REQUIRED ACTION:
Report how many lines below contain the word "application", giving the number and no other words.

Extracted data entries
***

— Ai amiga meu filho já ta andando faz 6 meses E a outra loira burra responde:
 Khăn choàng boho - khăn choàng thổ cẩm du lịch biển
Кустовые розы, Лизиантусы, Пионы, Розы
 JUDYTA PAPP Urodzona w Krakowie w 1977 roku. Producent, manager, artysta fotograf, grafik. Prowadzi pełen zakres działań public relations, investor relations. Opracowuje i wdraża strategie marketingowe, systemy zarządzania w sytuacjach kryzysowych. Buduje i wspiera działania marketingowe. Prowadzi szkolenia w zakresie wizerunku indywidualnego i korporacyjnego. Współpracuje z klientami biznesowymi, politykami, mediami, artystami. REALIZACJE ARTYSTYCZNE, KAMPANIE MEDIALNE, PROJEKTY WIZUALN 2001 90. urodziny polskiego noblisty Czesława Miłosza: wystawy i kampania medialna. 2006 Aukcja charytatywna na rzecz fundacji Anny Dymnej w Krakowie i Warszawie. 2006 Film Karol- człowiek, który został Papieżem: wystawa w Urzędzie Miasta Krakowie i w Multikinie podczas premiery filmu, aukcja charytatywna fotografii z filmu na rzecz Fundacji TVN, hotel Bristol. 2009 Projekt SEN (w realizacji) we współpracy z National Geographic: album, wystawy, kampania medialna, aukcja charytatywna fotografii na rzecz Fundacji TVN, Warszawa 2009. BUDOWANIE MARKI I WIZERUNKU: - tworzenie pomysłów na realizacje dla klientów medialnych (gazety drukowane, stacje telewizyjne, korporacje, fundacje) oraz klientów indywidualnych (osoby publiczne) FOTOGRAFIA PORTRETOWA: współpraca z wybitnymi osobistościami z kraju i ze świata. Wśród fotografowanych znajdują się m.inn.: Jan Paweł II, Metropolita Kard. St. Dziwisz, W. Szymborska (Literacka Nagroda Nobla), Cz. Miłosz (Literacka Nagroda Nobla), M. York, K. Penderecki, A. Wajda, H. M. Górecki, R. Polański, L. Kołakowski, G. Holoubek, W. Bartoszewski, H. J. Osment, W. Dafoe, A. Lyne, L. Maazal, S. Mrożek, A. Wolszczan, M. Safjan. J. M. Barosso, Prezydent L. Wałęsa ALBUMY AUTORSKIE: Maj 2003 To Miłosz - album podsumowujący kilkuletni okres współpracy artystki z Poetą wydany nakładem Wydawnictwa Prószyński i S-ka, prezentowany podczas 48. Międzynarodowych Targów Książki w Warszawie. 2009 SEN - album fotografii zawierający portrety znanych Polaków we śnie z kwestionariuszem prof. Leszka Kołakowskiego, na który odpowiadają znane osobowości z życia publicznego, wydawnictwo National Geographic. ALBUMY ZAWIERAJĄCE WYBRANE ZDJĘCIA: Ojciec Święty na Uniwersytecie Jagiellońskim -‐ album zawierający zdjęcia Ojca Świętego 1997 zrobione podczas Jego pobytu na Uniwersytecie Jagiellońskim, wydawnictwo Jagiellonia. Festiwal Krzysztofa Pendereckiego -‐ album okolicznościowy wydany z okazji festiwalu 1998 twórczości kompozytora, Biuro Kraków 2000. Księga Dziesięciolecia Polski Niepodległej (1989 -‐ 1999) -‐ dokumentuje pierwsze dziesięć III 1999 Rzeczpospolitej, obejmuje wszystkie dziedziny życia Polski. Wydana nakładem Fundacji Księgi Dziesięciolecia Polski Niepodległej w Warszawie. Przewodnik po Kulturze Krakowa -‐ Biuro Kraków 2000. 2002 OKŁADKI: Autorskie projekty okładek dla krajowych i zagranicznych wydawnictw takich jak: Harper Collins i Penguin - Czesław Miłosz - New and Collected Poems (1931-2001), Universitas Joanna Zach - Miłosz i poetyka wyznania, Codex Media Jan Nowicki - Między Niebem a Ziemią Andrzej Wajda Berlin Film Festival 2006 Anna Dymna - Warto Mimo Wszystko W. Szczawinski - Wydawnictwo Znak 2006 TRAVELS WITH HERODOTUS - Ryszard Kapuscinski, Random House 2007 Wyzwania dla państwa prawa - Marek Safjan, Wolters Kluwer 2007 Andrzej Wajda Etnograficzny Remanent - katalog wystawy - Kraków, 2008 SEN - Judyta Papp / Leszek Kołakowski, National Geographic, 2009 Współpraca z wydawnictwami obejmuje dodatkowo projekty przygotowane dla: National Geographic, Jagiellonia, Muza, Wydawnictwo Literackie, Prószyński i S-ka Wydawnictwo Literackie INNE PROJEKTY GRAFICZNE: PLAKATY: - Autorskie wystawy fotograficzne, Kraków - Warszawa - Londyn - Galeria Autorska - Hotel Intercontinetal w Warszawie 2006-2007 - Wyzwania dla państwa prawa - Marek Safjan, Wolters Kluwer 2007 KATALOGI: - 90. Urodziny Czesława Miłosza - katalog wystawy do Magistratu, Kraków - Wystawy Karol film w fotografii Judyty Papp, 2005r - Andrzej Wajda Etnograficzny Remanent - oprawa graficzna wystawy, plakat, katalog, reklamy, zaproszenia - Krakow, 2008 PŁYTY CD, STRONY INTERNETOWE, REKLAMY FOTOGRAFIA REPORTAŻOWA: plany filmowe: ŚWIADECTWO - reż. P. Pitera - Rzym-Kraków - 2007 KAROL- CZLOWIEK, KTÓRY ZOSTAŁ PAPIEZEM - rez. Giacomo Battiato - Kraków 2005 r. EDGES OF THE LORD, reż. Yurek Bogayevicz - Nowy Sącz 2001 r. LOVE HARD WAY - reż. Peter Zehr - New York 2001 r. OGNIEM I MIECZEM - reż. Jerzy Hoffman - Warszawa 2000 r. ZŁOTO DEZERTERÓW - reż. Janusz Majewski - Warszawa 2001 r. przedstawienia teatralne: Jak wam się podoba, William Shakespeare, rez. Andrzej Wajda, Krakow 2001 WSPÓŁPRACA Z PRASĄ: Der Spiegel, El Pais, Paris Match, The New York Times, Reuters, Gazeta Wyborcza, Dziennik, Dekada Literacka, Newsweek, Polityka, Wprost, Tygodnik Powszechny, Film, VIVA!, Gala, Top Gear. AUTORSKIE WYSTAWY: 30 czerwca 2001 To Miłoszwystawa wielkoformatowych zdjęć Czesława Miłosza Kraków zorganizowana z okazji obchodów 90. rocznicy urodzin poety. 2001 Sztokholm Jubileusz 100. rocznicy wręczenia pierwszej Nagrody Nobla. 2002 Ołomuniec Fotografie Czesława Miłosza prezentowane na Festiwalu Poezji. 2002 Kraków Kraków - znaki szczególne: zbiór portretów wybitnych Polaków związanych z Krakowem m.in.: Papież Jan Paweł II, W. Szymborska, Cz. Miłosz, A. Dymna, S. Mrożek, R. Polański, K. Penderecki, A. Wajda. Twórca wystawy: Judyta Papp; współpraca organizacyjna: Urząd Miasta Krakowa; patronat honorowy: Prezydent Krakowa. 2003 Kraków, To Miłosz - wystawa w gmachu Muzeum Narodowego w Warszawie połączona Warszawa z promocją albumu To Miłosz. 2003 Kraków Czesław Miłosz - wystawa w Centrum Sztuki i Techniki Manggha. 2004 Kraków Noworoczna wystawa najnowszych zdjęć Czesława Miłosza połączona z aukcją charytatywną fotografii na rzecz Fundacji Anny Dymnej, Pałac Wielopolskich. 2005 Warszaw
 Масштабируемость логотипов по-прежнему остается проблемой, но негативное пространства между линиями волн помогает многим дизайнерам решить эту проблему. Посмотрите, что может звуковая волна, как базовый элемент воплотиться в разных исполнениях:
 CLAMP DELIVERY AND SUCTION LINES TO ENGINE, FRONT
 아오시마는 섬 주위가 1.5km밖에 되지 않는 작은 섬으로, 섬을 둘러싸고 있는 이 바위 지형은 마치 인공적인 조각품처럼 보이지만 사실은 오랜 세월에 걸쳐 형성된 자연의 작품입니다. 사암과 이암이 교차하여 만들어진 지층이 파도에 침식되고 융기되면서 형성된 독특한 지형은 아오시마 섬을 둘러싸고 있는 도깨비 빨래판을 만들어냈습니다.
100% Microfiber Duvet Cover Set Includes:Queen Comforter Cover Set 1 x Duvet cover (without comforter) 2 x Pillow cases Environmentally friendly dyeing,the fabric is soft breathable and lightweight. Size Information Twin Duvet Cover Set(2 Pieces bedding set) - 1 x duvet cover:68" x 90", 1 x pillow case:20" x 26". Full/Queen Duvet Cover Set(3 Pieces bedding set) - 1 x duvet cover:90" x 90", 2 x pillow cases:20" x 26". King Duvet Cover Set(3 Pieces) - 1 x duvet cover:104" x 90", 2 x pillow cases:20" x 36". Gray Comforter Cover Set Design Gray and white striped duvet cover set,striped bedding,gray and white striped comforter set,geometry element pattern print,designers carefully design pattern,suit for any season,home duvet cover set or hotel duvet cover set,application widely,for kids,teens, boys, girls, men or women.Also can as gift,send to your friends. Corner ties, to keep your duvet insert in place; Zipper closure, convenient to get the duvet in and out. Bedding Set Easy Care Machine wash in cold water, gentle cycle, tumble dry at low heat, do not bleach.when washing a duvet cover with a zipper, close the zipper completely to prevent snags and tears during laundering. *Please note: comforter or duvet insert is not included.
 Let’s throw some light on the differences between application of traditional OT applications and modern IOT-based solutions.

***

RESPONSE TO THE TASK:
2